The following year I gathered up my courage to phone the Catholic Diocese to find out if Father Lefaive was still alive, and found that he was in a nearby city. I then called the police to ask how to lay a charge of rape against a priest that was committed in childhood. The desk sargeant told me that I would have to contact the local courthouse. At the courthouse the clerk told me that, without corroboration, namely someone else who could support my allegations, they couldn’t help me because the statute of limitations had run out. No one knew about the rape, because I had been threatened with harm to my entire family if I spoke about it! So I decided to confront that perverted priest in person.
Although I had spoken with the priest and made an appointment to meet with him, when Leo and I arrived he was not at the church as had been arranged. The next day I called Father Lefaive and spoke with him on the phone. I asked him if he remembered when he had taken me upstairs from the basement into his bedroom in 1966. He didn’t recall that. Then I told him that I was awake during the entire time. He hastily uttered: “I categorically deny that!” He dropped the phone and then the line when dead. After hearing countless legal denials during all of the subsequent scandals of the RC church, it was apparent that the priest had a prepared response. From my standpoint, in having made those very important attempts to confront my abusers, I had actually overcome my inner fear that had grown exponentially over time.
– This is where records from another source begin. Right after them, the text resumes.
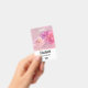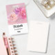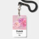 Personalised name badge with a photograph featuring a bouquet of pink carnations. Set on a dreamy ethereal background.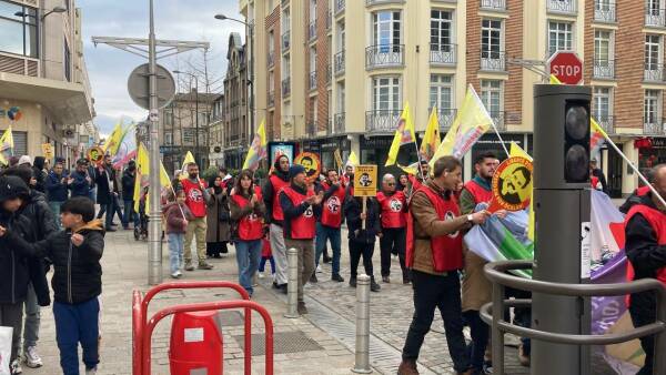 During today’s stage of the march, which ended at Place Arno, the activists read and distributed leaflets in French to passersby explaining the purpose of the 26-day Long March from Lorient to Strasbourg.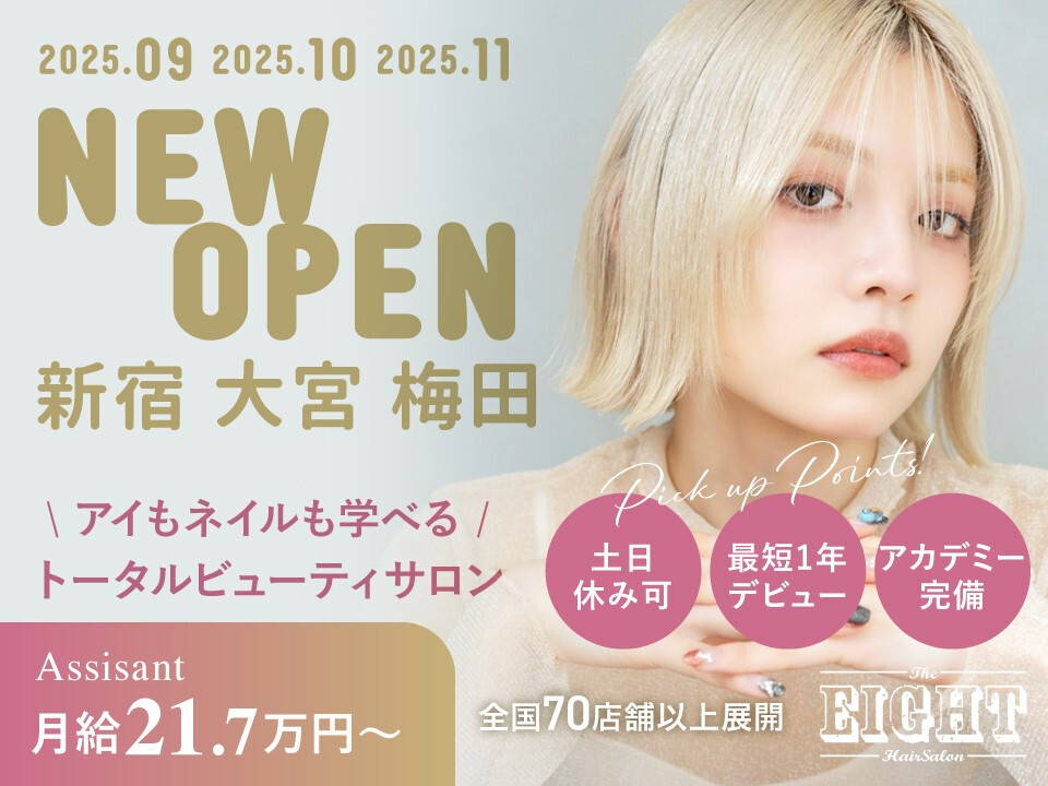 1. 最速の成長を保証する集中育成システム 最短1年〜1年半デビュー EIGHT's独自の集中カリキュラムと講師によるアカデミー研修(関東エリア)により、業界平均よりも遥かに早い期間でのスタイリストデビューが可能です。 効率的な技術習得 勤務時間内に集中して練習をサポートする体制があるため、営業前後の練習を最小限に抑え、質の高い技術習得に集中できます。 2. 経済的な安定と安心の基盤 社会保険完備 雇用保険、労災保険、健康保険、厚生年金といった社会保険を完備しており、将来にわたる安心を会社が保証します。 また、スタイリストデビュー後に業務委託契約に切り替えることもできます。 充実の手当 交通費支給(上限20,000円)に加え、月7日休みの場合には休日手当(12,000円)や売上に応じた手当が支給されるなど、頑張りが給与に反映される仕組みがあります。 昇給・賞与(業績による)の機会もあります。 3. メリハリをつけて働ける環境と文化 完全週休2日制 勤務体系として週休2日制(月7日または月8日を選択)を採用しており、プライベートとの両立が可能です。 土日休みも相談できます。 良好な人間関係 「have fun...」という企業理念のもと、協調性を大切にする文化が根付いています。 人間関係の心配が少なく、明るく前向きな雰囲気の中で働くことができます。 EIGHT'sは、あなたの「美容師になりたい」という夢を、最短で達成できるように全力でサポートします。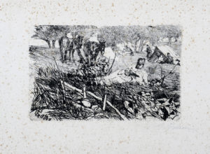 Giovanni Fattori, La lettera al campo. Acquaforte su zinco. mm 125x205. Foglio: mm 435x607. baboni-malesci, CXLIII. Firma nella lastra in basso a sinistra e controfirma a matita in basso a destra. Esemplare in tiratura coeva. (1)

Later that same year, while I was at the library looking up the names of global organizations that were involved with parapsychology, I glanced at the town of 100 Mile House. As I read the name of the organization and its director, I saw the name: “Emissaries of the Divine Light”, with Lord Exeter as its head. Lord Exeter of the House of Lords was the person who had been given the 25,000 acres of land by the Queen of England. He was operating a cult-like organization in 100 Mile House, B.C. The directory listed branches in Maple, Ontario and Boulder, Colorado. I wondered if my ex had known about that cult when he lived in England and had offered me to them in exchange for something. It was notable that Lord Exeter had used the concept of light for his own dark purpose. I no longer felt like a victim, but like a survivor.
As I continue to work with my spirit, I feel privileged to be working so closely with Leo Jean. Over the years he has helped me to determine the solutions to so many problems that I never recognized as having been so detrimental to my well-being. I’ve learned that my spirit is dependent on me to freely choose whether I accept a negative path or a positive path in life. Within this positive realm that I’ve chosen is an attainable complex beauty that can only be compared to the ongoing discoveries in the elegant multiverse. As far as I’m concerned, my existence revolves around the star that is my spirit.